*Task requirements*:
Print the lines that run from the line with "ȼº½Ã ÇÑ ÃʵîÇб³¿¡¼" to the line with "on edges. |", keeping both end lines, exactly as they appear in the entries below, and nothing else.

*Records to process*:
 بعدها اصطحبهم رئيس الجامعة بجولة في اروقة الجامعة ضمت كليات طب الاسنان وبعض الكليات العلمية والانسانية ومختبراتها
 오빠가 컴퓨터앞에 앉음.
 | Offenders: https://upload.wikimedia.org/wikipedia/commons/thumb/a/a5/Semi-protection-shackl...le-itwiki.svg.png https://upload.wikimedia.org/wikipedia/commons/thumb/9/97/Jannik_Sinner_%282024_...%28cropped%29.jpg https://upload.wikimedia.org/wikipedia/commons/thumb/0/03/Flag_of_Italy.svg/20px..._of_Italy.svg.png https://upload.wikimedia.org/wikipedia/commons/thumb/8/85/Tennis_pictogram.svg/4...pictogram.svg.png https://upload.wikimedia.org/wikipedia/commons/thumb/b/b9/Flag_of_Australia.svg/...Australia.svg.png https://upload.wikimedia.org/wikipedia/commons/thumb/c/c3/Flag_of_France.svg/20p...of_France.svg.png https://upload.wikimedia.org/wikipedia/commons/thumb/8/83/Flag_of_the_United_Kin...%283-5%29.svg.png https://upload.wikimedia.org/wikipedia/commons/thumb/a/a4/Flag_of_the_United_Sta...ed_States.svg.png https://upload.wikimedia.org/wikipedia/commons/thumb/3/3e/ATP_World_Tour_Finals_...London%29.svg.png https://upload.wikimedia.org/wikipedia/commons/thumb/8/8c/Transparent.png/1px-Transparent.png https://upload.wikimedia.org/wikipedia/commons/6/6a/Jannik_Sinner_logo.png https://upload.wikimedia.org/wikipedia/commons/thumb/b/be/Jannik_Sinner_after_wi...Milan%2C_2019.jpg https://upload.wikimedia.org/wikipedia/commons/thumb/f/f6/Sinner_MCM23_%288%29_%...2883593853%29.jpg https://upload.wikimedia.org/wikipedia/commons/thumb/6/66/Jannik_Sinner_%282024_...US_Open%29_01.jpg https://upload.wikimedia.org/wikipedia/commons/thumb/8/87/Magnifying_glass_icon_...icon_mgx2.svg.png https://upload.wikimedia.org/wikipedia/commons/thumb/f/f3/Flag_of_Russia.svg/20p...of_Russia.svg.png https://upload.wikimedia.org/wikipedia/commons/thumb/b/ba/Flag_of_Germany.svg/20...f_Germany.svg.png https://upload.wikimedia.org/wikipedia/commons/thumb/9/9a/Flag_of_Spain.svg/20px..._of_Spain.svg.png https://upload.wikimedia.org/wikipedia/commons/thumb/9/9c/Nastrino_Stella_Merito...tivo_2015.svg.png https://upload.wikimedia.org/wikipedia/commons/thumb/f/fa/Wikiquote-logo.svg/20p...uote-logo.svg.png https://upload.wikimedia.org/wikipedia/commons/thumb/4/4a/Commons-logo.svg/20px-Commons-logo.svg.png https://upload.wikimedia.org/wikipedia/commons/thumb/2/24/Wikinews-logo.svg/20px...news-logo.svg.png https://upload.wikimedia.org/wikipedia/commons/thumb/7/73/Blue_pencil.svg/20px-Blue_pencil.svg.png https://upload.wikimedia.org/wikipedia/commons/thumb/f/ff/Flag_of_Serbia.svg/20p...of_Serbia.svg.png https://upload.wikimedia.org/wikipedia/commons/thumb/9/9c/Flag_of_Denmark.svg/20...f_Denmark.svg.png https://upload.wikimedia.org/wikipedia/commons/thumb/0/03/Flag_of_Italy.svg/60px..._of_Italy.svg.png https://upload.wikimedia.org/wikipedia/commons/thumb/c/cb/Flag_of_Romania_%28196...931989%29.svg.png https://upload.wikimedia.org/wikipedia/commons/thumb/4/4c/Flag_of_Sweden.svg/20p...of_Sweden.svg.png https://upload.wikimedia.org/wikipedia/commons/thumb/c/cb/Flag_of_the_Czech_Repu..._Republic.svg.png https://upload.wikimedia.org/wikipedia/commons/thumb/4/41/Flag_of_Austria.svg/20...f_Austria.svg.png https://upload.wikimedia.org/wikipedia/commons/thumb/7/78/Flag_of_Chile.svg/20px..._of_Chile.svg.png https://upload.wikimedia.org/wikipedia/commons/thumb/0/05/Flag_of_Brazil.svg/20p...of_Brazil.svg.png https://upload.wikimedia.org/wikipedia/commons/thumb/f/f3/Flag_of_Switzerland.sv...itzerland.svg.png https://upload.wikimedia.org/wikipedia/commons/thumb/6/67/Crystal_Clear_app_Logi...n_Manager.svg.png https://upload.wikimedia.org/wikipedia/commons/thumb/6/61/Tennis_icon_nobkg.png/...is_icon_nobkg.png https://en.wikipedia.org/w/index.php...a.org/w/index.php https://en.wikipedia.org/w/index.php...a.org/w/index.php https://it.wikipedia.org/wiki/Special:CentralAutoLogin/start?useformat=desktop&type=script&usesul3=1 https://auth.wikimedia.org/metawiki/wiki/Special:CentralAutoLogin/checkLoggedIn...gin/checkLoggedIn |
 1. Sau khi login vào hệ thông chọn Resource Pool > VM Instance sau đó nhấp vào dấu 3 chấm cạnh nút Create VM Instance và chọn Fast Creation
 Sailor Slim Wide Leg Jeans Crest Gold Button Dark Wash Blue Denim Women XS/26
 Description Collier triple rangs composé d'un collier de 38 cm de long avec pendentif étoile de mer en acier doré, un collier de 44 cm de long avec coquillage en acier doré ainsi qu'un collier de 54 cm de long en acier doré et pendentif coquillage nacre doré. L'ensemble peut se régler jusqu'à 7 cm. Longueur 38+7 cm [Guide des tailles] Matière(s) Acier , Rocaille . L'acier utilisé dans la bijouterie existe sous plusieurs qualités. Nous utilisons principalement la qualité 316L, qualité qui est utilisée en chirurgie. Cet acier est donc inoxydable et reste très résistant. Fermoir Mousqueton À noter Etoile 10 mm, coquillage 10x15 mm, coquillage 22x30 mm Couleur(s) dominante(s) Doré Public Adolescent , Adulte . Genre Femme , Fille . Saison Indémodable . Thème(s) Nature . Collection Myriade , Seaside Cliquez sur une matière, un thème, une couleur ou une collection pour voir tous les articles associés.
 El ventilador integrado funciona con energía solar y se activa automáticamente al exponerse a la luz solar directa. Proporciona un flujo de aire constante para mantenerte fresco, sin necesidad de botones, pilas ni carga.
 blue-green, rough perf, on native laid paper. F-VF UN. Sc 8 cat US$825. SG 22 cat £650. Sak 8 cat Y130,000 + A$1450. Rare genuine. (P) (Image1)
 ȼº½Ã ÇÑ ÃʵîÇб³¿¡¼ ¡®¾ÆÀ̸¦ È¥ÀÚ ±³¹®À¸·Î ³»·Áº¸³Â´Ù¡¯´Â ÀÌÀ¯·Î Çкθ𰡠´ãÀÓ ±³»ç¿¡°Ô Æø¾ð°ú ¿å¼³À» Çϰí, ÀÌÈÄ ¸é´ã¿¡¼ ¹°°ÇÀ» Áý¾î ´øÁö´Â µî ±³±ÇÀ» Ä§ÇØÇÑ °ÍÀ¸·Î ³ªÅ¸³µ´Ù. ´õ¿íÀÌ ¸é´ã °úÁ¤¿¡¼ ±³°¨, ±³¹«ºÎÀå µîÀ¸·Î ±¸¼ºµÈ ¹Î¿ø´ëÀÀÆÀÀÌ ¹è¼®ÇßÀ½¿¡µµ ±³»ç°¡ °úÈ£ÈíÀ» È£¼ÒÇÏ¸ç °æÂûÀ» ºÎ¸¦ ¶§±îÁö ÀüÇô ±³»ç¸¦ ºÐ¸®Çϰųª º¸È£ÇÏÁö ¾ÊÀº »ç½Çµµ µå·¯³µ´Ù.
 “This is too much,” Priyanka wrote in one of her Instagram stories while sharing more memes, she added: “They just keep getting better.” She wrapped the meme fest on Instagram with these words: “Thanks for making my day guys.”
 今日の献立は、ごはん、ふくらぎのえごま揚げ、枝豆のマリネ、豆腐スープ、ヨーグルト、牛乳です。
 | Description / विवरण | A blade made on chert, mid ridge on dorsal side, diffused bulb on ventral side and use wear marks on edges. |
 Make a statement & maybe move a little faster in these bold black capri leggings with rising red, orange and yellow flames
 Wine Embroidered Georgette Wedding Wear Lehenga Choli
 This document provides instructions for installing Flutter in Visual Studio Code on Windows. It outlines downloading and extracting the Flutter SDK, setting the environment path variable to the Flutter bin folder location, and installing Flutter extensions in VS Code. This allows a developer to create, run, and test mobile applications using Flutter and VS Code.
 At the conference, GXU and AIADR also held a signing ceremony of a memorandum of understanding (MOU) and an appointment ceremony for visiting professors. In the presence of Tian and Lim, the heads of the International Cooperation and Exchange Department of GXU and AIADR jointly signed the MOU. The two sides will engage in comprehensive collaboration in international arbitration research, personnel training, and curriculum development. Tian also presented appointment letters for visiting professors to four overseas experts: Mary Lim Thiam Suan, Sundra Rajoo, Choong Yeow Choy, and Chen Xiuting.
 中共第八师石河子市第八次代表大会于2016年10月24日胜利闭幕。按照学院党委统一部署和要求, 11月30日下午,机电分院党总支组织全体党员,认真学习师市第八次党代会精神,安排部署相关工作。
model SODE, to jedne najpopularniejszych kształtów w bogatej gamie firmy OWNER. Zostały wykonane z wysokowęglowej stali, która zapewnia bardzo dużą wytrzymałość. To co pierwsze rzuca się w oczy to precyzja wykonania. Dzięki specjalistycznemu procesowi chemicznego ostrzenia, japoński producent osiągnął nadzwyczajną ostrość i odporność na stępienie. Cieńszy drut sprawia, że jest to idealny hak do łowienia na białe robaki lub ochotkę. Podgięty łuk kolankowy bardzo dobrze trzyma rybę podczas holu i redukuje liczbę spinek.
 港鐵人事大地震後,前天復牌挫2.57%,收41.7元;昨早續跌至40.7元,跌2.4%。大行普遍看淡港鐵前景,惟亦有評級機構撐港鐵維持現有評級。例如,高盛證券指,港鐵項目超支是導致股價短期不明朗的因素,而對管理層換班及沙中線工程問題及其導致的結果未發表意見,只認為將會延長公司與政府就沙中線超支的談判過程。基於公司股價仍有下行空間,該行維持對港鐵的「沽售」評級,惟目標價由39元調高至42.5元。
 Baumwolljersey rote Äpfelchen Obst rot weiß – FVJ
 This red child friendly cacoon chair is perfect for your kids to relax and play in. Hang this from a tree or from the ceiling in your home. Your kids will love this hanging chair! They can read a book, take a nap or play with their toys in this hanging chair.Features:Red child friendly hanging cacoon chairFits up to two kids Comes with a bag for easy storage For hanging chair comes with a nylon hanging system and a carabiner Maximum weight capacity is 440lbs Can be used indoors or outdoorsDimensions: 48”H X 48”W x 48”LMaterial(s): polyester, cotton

*Task response*:
 ȼº½Ã ÇÑ ÃʵîÇб³¿¡¼ ¡®¾ÆÀ̸¦ È¥ÀÚ ±³¹®À¸·Î ³»·Áº¸³Â´Ù¡¯´Â ÀÌÀ¯·Î Çкθ𰡠´ãÀÓ ±³»ç¿¡°Ô Æø¾ð°ú ¿å¼³À» Çϰí, ÀÌÈÄ ¸é´ã¿¡¼ ¹°°ÇÀ» Áý¾î ´øÁö´Â µî ±³±ÇÀ» Ä§ÇØÇÑ °ÍÀ¸·Î ³ªÅ¸³µ´Ù. ´õ¿íÀÌ ¸é´ã °úÁ¤¿¡¼ ±³°¨, ±³¹«ºÎÀå µîÀ¸·Î ±¸¼ºµÈ ¹Î¿ø´ëÀÀÆÀÀÌ ¹è¼®ÇßÀ½¿¡µµ ±³»ç°¡ °úÈ£ÈíÀ» È£¼ÒÇÏ¸ç °æÂûÀ» ºÎ¸¦ ¶§±îÁö ÀüÇô ±³»ç¸¦ ºÐ¸®Çϰųª º¸È£ÇÏÁö ¾ÊÀº »ç½Çµµ µå·¯³µ´Ù.
 “This is too much,” Priyanka wrote in one of her Instagram stories while sharing more memes, she added: “They just keep getting better.” She wrapped the meme fest on Instagram with these words: “Thanks for making my day guys.”
 今日の献立は、ごはん、ふくらぎのえごま揚げ、枝豆のマリネ、豆腐スープ、ヨーグルト、牛乳です。
 | Description / विवरण | A blade made on chert, mid ridge on dorsal side, diffused bulb on ventral side and use wear marks on edges. |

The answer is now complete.